Entries taken from a collection:

========================================================================

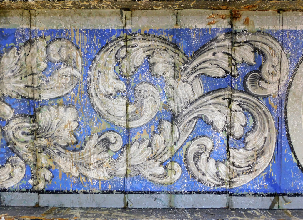 Die reiche barocke Rankenmalerei auf leuchtend blauem Grund gehörte ursprünglich zum, nicht minder spektakulären, sogenannten „Göttertäfer“, welches dem Raum seine Bezeichnung „Götterzimmer“ verlieh. Das aufwändig bemalte Grisaille-Täfer zeigt Figuren aus der Skulpturensammlung des Sonnenkönigs Louis XIV. Es ist zwischenzeitlich eingelagert.
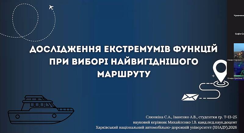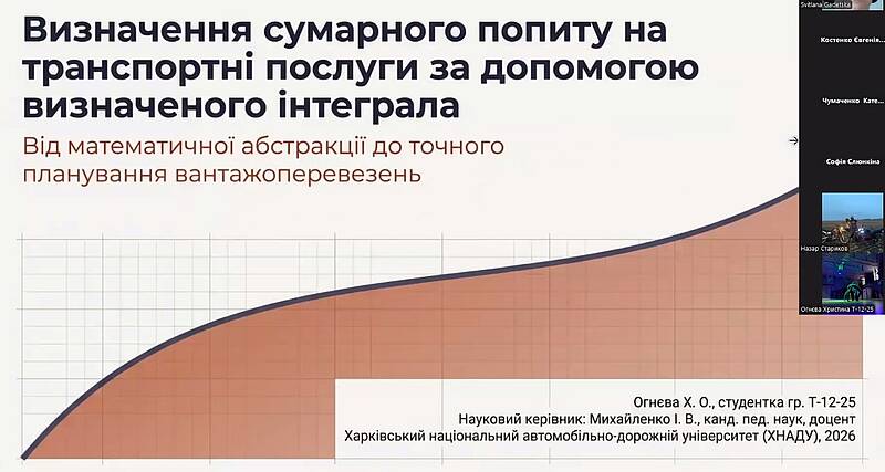 1 квітня 2026р. о 16.00 відбулося онлайн засідання секції вищої математики, класичних і прикладних математичних дисциплін 88-ої Міжнародної студентської наукової конференції ХНАДУ на платформі ZOOM.
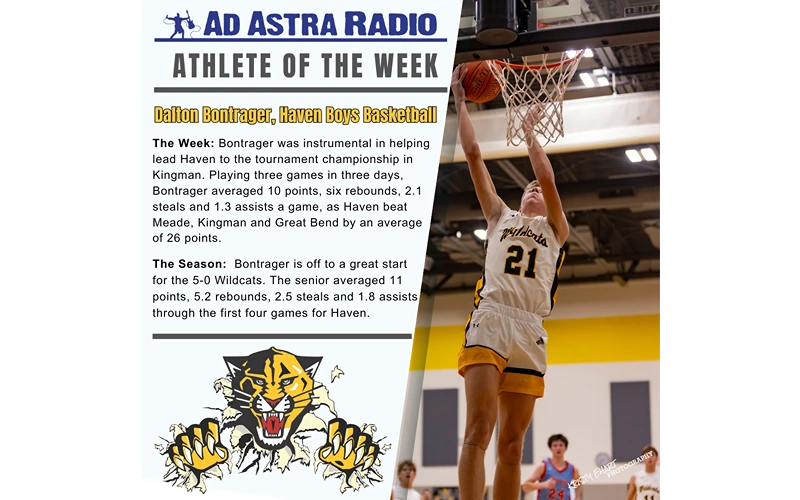 HAVEN, Kan. — Congratulations to Ad Astra Radio’s Athlete of the Week for (12/15-12/21) Dalton Bontrager, Haven High School senior!
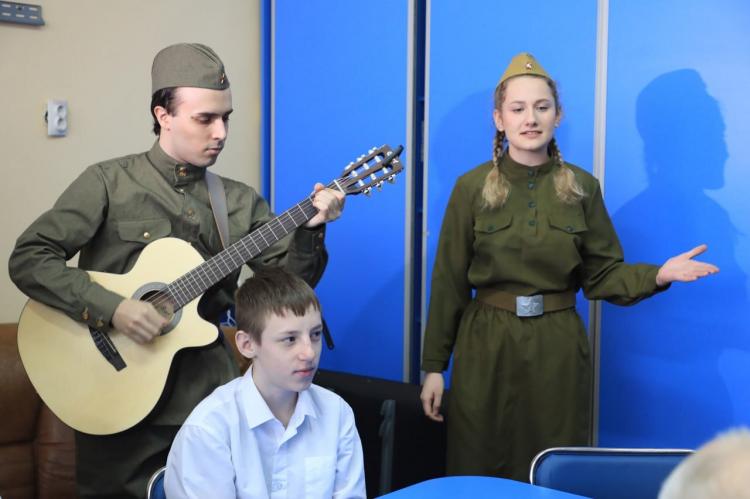 Вместе с ветераном гости вместе любимые песни военных лет, пообщались и поблагодарили победителя за его подвиг и труд.
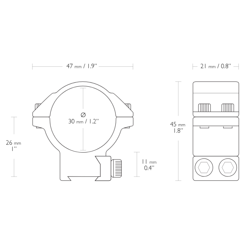 Esses suportes são adequados para escopos com diâmetro de 30mm e são compatíveis com fuzis que possuem um trilho de 9-11mm dovetail. A altura média é útil para fornecer um ponto de vista adequado para o usuário. Além disso, os fixadores hexagonais duplos e os recursos de segurança como a almofada interna e o pino de recuo retrátil contribuem para a estabilidade e confiabilidade do conjunto.
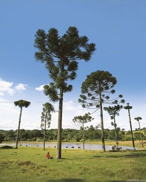 Araucaria de Paraná (_Araucaria angustifolia_), de la familia ARAUCARIÁCEASFamilia de árboles de gran porte y ramificación muy regular, del orden pinales, clase coníferas. Propios del hemisferio ...
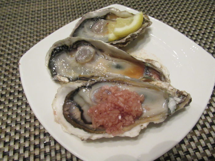 3種のお味でいただける生牡蠣は、一人様3個セットにて用意されていました。金貨と交換する方式が採用されていました。

========================================================================

● What the task asks: Give exactly the lines above that run from the line with "HAVEN, Kan. —" to the line with "Esses suportes são", both included, leaving every picture out.

● Answer box:
 HAVEN, Kan. — Congratulations to Ad Astra Radio’s Athlete of the Week for (12/15-12/21) Dalton Bontrager, Haven High School senior!
 Вместе с ветераном гости вместе любимые песни военных лет, пообщались и поблагодарили победителя за его подвиг и труд.
 Esses suportes são adequados para escopos com diâmetro de 30mm e são compatíveis com fuzis que possuem um trilho de 9-11mm dovetail. A altura média é útil para fornecer um ponto de vista adequado para o usuário. Além disso, os fixadores hexagonais duplos e os recursos de segurança como a almofada interna e o pino de recuo retrátil contribuem para a estabilidade e confiabilidade do conjunto.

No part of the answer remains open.